Oscar Bentley 

The five: dinosaurs that once roamed the British Isles

Last week scientists discovered the first Stegosaurus footprints in Scotland. Which other prehistoric reptiles lived on these shores?
  
  

A stegosaurus dinosaur drinking water in the desert.
A stegosaurus dinosaur drinking water in the desert. Photograph: Stocktrek Images/Alamy

Stegosaurus

Last week, palaeontologists from the University of Edinburgh announced they have discovered grapefruit-sized footprints on the Isle of Skye that are believed to have been left by a Stegosaurus. The depressions were found in rocks that were formed from mudflats around 170m years old during the Middle Jurassic, the period when the stegosaurs group of dinosaurs were beginning to evolve and spread out.

Iguanodon

Iguanodons were herbivorous dinosaurs that lived in the Early Cretaceous period. Weighing four-and-a-half tons and growing to 10 metres long, it was one of the first dinosaurs to be named. One of the most common dinosaurs found on the Isle of Wight, an Iguanodon tail was discovered as recently as January.

Baryonyx

A relative of Spinosaurus, the star of Jurassic Park III, Baryonyx also lived in the Early Cretaceous and prayed on Iguanodon.

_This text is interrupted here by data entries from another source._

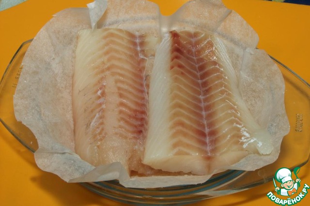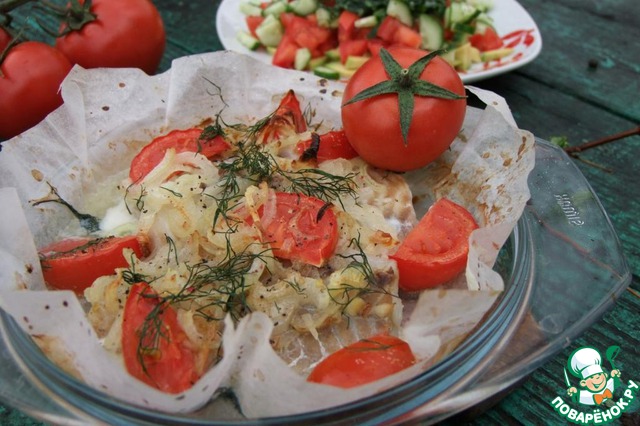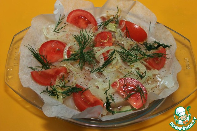 Рыбу положить в форму на пергамент, добавить 5-6 помидорок. Если у Вас черри, то целиком, ну а если как у меня обычные не очень крупные на ветке, то разрезать их на четыре части. Сверху филе разложить пассированный лук и нарезанный свежий укроп. Сбрызнуть оливковым маслом, соком лимона. Добавить соль и перец по вкусу. Подготовленную рыбу отправить в разогретую до 200 градусов духовку минут на 25.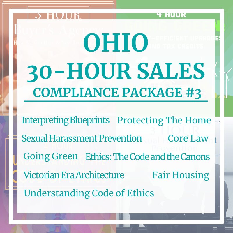 This 30-hour online CE package fulfills the full requirements for the First or subsequent renewal of an Ohio Salesperson license that is not currently at a management level.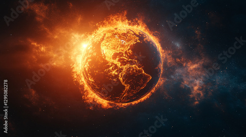 A globe of Earth engulfed in flames, with continents visible, symbolizes urgent environmental crisis and the consequences of modern industrialization on the planet's future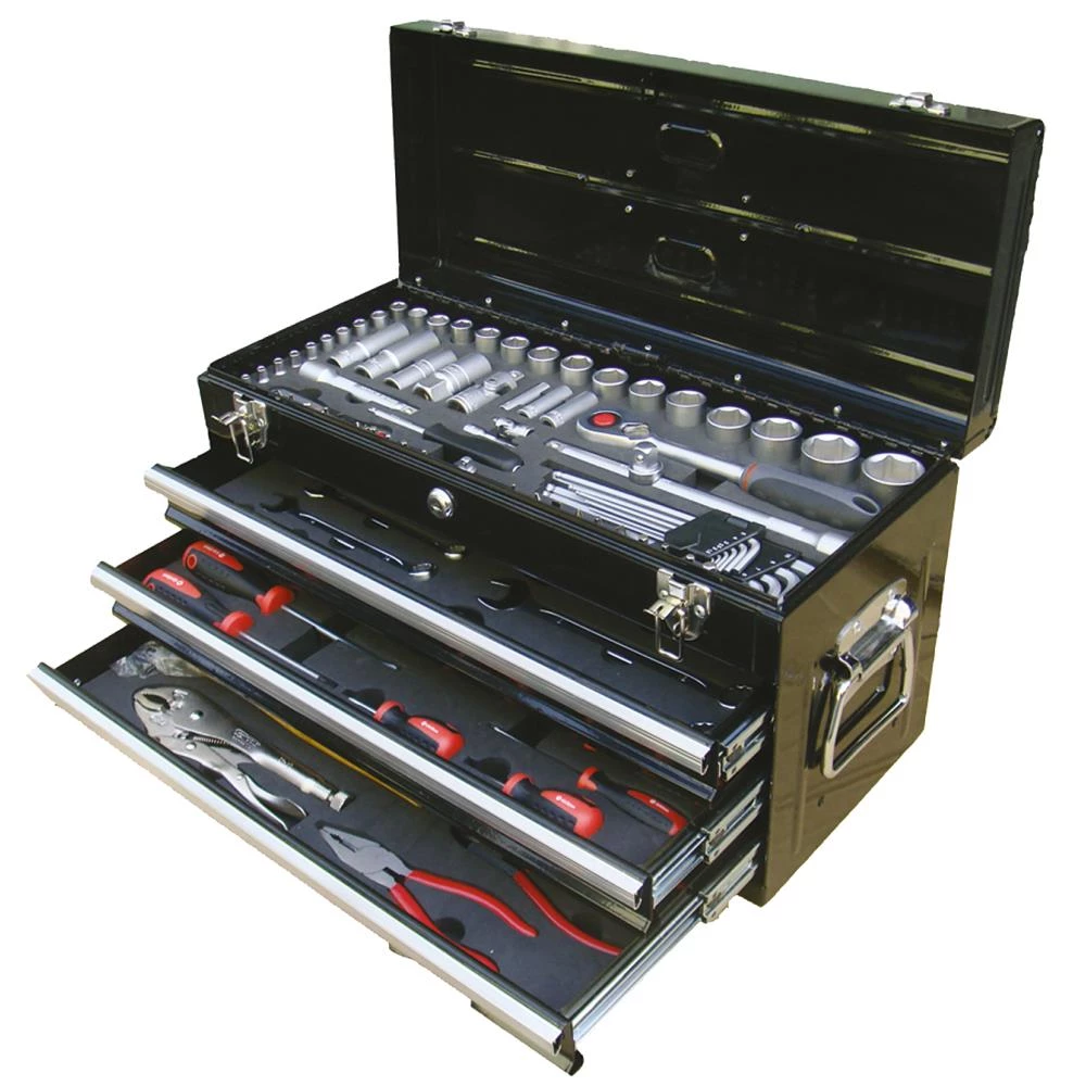 Værktøjssæt med 99 værktøjsdele i kuffert med 3 skuffer. Indeholder: korte 1/2″ toppe (4-5-6-7-8-9-10-11-12-13-14 mm), lange 1/4″ toppe (8-10-13 mm), 1/4″ bitstoppe lige kærv (4,0-4,5-7,0 mm), 1/4″ bitstoppe Phillips (PH1-2-3, Pozidriv PZ1-2, 6kt 3-4-5-6-7-8 mm, Torx TX10-15-20-25-27-30-40), 1/4″ forlænger med wobble 50 mm, 1/4″ kardanled, 1/4″ T-greb, 1/4″ skraldenøgle, korte 1/2″ toppe (13-15-17-18-19-20-21-22-24-27-30-32 mm), lange 1/2″ toppe (17-19 mm), 1/2″ tændrørstoppe (16-21 mm). 1/2″ forlænger med wobble 125-250 mm, adapter 3/8″×1/2″ mm, 1/2″ kardanled, 1/2″ skraldenøgle, stiftnøgler m/kugle (1,5 – 2,0 – 2,5 – 3,0 – 4,0 – 5,0 – 6,0 – 7,0 – 8,0 – 10,0 mm), ringgaffelnøgler (8-9-10-11-12-13-14-15-16-17-18-19 mm), skruetrækkere (lige kærv 4,0×100 mm, 5,5×125 mm, 6,5×125 mm, 8,0×150 mm, Phillips PH2×38 mm, PH1×75 mm, PH2×100 mm, PH3×150 mm), bidetang, spidstang, kombinationstang, vandpumpetang og svejsetang, hammer.

It hunted fish, too, wading into shallow water and using its 31cm-long claw to hook them, similar to a bear, according to scientists at the Natural History Museum. First discovered in 1983 in a Surrey clay pit, it had a crocodilian-like snout.

Ichthyosaur

This aquatic reptile, which first swam in the seas around the British Isles from the Late Triassic, is not technically a dinosaur (its name means “fish lizard”). The discovery of an Ichthyosaur jaw bone in Somerset in 2016 led scientists at Manchester University and New York’s SUNY to declare it one of the largest animals ever, while a fossilised Ichthyosaur was found on a Somerset beach by dogs just before Christmas.

Thecodontosaurus

This sauropod lived in the Late Triassic and was one of the first plant-eating dinosaurs, according to Professor Mike Benton of Bristol university. The species, whose name means “socket-toothed lizard”, enjoyed a climate closer to that of Florida than today’s south-west England, and was discovered by quarry workers in Bristol who found bones embedded in limestone.